I was wondering if their are any obdii guys out their burnin chips-i wanted to know what the actual chip tou were using to burn the files onto is-the actual brand and serial number, having some problems with my burner and chip compatability when they make it tonthe ecu- this is for aba tuning. Any helpmis awsome!


Sent from my iPhone using Tapatalk


----------



## TIGninja (Mar 21, 2010)

InlinePerformance said:


> I was wondering if their are any obdii guys out their burnin chips-i wanted to know what the actual chip tou were using to burn the files onto is-the actual brand and serial number, having some problems with my burner and chip compatability when they make it tonthe ecu- this is for aba tuning.

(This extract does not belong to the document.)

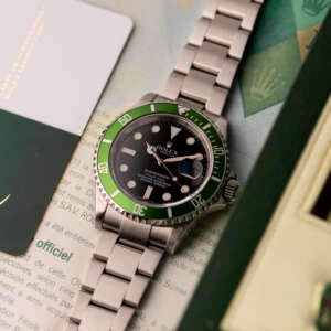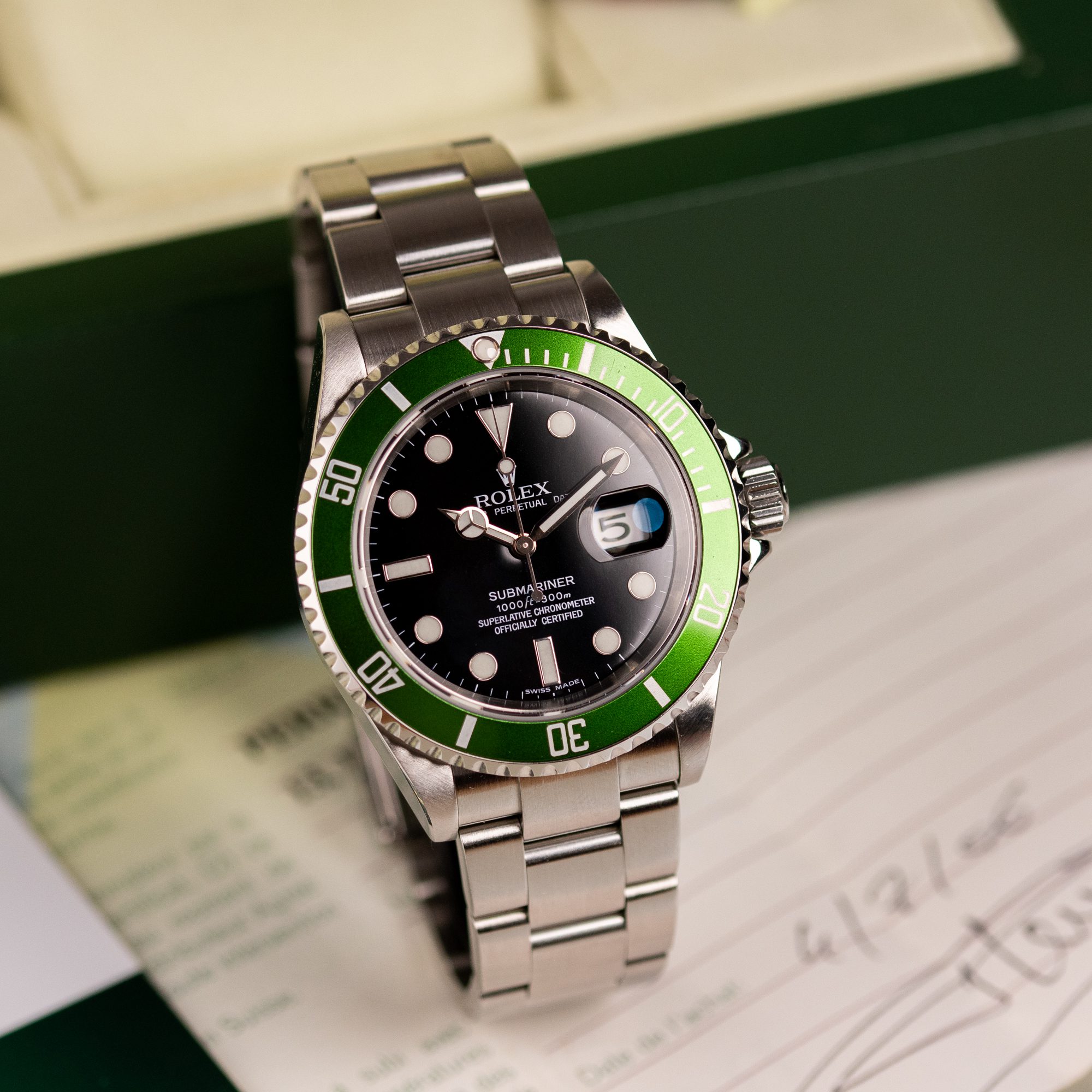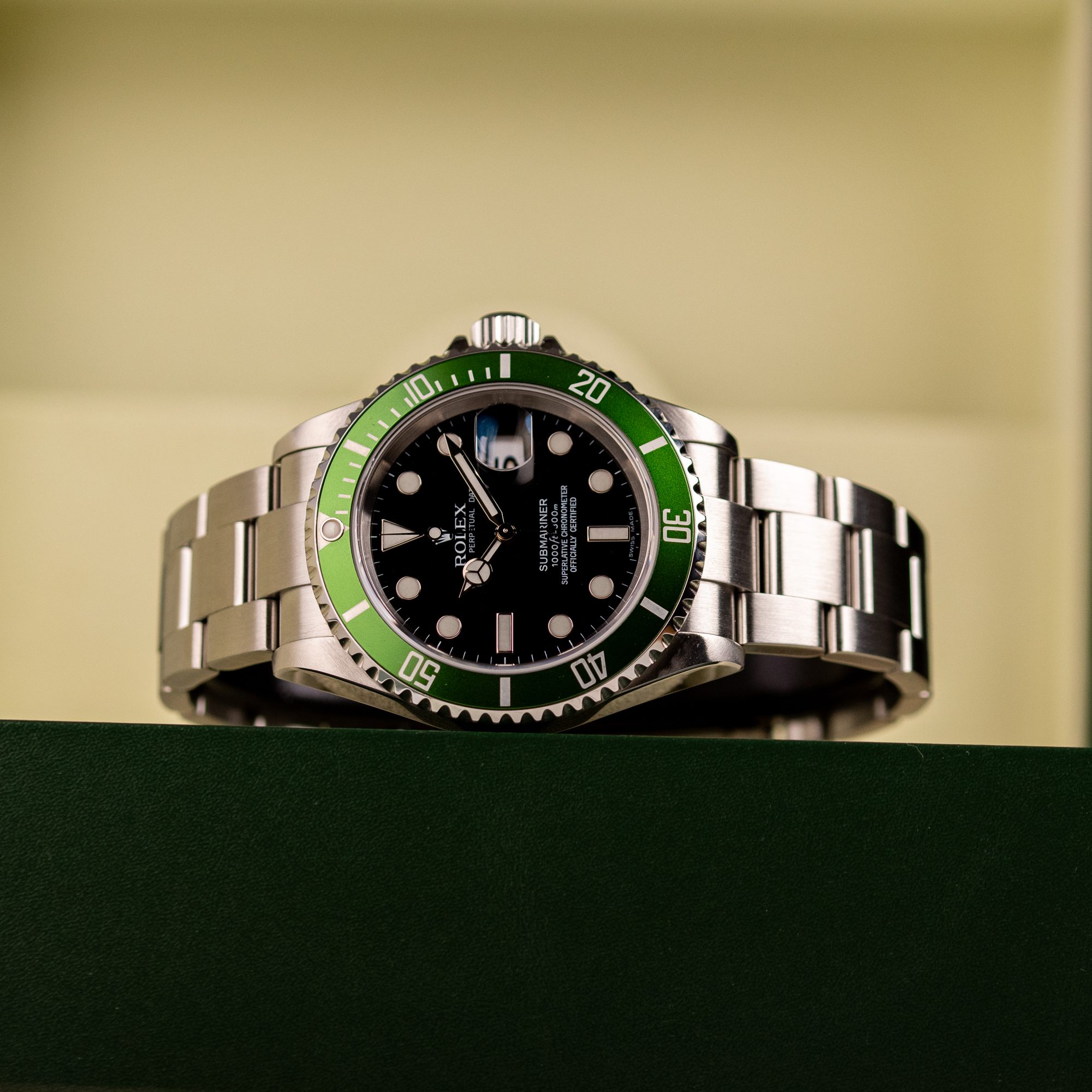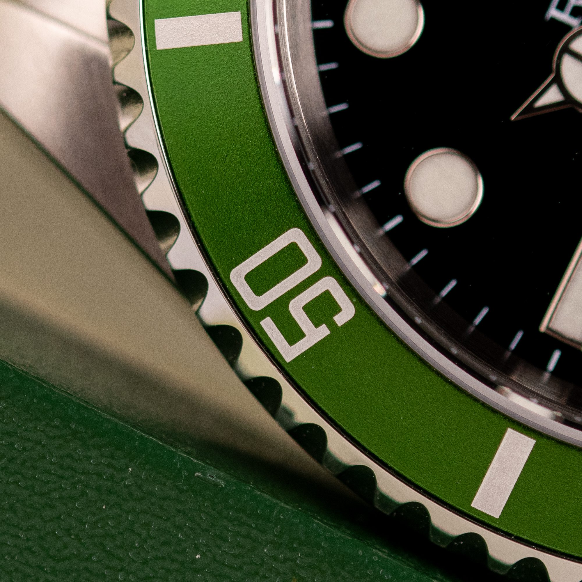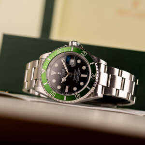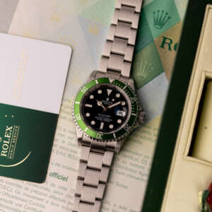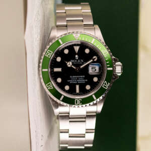 The Rolex Submariner Date ref. 16610LV, affectionately known as the “Kermit,” was introduced in 2003 to celebrate the 50th anniversary of the Submariner line. It marked a major departure from tradition with the debut of a green aluminum bezel, making it the first Submariner to feature a color other than black.

Any helpmis awsome!
> 
> 
> Sent from my iPhone using Tapatalk


Convert to OBD1, OBD2 is crap anyways.


----------



## InlinePerformance (Oct 25, 2008)

Totally disagree-but thanks for the insitefull information.


Sent from my iPhone using Tapatalk


----------



## TIGninja (Mar 21, 2010)

InlinePerformance said:


> Totally disagree-but thanks for the insitefull information.
> 
> 
> Sent from my iPhone using Tapatalk


There is zero advantage to using OBD2 and many for using OBD1. You can emulate and live edit OBD1, but you cannot do this with OBD2 without spending foolish money. That alone is worth the switch. There are fully developed free programs to do this with as well. Equipment to do it is cheap. There is no sane reason to mess around with OBD2. 

http://forums.vwvortex.com/showthre...-tuning-thread&highlight=OBD1+motronic+tuning


----------